The trivial implementation for positive exponents \(e \ge 0\) could be to compute the integer \(10^e\) directly in an arbitrary-precision integer, to be multiplied with \(n\), and finally the top bits of the computation are extracted. But we want to avoid arbitrary-precision integers, for performance and memory allocation concerns. Also, this is hardly expandable to negative exponents.

Instead, let's imagine we managed to get \((a,b)\) such that \(10^e = a \times 2^b\) instead, we obtain \(n \times 10^e = (n \times a)\times 2^b\) : we only need to compute \((n \times a)\) with fixed precision, and extract the top bits. The difficulty becomes to find such \((a,b)\).


One idea would be to precompute \(10 = (a,b)\), then we have:

\[ 10^e = (a \times 2^b)^e = a^e \times 2^{b \times e} = (a^e, b \times e) \]
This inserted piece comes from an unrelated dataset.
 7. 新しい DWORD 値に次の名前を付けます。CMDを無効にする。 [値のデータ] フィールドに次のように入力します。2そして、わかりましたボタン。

We need to do \(e-1\) fixed-width multiplications to raise \(a\) to the power of \(e\), at each step limiting the precision to 64 bits: we do \(e - 1\) lossy computations, thus the margin of error is tremendous. Moreover, the execution time becomes linear to the magnitude of the number, which is bad.


A refined method is to use the square-and-multiply algorithm. The idea is to group redundant multiplications into squares, to reduce the number of intermediate multiplications.
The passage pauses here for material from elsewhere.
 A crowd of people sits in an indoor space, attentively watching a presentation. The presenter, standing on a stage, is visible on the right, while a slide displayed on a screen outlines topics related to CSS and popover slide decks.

\[ \begin{array}{lll} 10^{27} &= & 10^{16} & \times & 10^{8} & & \times & 10^{2} & & \times & 10^1 \\ &= ( & 10^8 & \times & 10^4 & & \times & 10 & )^2 & \times & 10 \\ &= (( & 10^4 & \times & 10^2 & )^2 & \times & 10 & )^2 & \times & 10 \\ &= ((( & 10^2 & \times & 10 & )^2)^2 & \times & 10 & )^2 & \times & 10 \\ \end{array} \\ \ \\ \Rightarrow \text{7 multiplications} \]
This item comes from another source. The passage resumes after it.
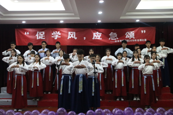 本次比赛内容分为合唱与朗诵两种形式,由17、18级300多名学生以班为单位参赛,参赛作品有歌曲《相信我们会创造奇迹》《强国一代有我在》,诗朗诵《以青春的名义宣誓》《少年中国说》等近30首经典合颂曲目。其中,安管1701班同学身着民国学生服装给大家带来的歌曲串烧《国家》《精忠报国》仿佛一下子把大家带到了民国时期的峥嵘岁月,让人心潮澎湃。管科1801带来的《少年中国说》朗诵掷地有声,成功将现场的气氛引向高潮。舞台上同学们以嘹亮的歌声、高亢的诵读声展示了应急人的热情风采与朝气。此外,本次比赛还设有中场歌曲连唱环节,生动的表演,动人的歌声,缓解了比赛紧张的气氛,让广大师生乐在其中。最终,经过激烈的角逐,安管1701班凭借合唱《仰望星空》和朗诵《致最好的我们》荣获一等奖;管理1702班和安管1702班获得二等奖;事管1702班、管理1701班、事管1804班获得三等奖。
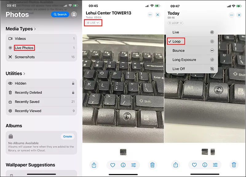 当然可以。打开照片应用程序,然后转到专辑部分。点击媒体类型部分中的实时照片,然后选择在图片上打开。切换居住”在左上角的选项“循环”。

The number of intermediate multiplications is logarithmic to the order of magnitude of the number, which is better. But in our use case, ten or so multiplications may be already too many lossy computations.


Alternatively, instead of computing the value at runtime, we can use a lookup table, pre-finding \((a,b)\) and saving them into the program's data. Let's say we support exponents \(e \in [-512;511]\): we need to store 1024 entries. Encoding \(a\) in 64 bits, and \(b\) in 16 bits, makes the table require 10 kiB of data. For some users, this may be affordable, but I want to have a smaller footprint.


Somewhat in between, I developed an hybrid approach: to decompose the exponent in three power of tens, lookup these values, and multiply them together. We suppose the exponent \(e\) is between \(-512\) and \(511\). Note that 64-bit floats can represent at most about \(10^{\pm 308}\); so any exponent \(e\) greater than \(512\) will overflow, thus the encoded result is infinity, and any exponent smaller than \(-512\) will underflow, the encoded result is zero.

With this approach, we have exactly two lossy multiplications to compute \(10^e\), and an extra lossy multiplication to compute \(n \times 10^e\). Our lookup table only requires 32 entries = 320 bytes, which I find reasonable. The next step is to generate this lookup table.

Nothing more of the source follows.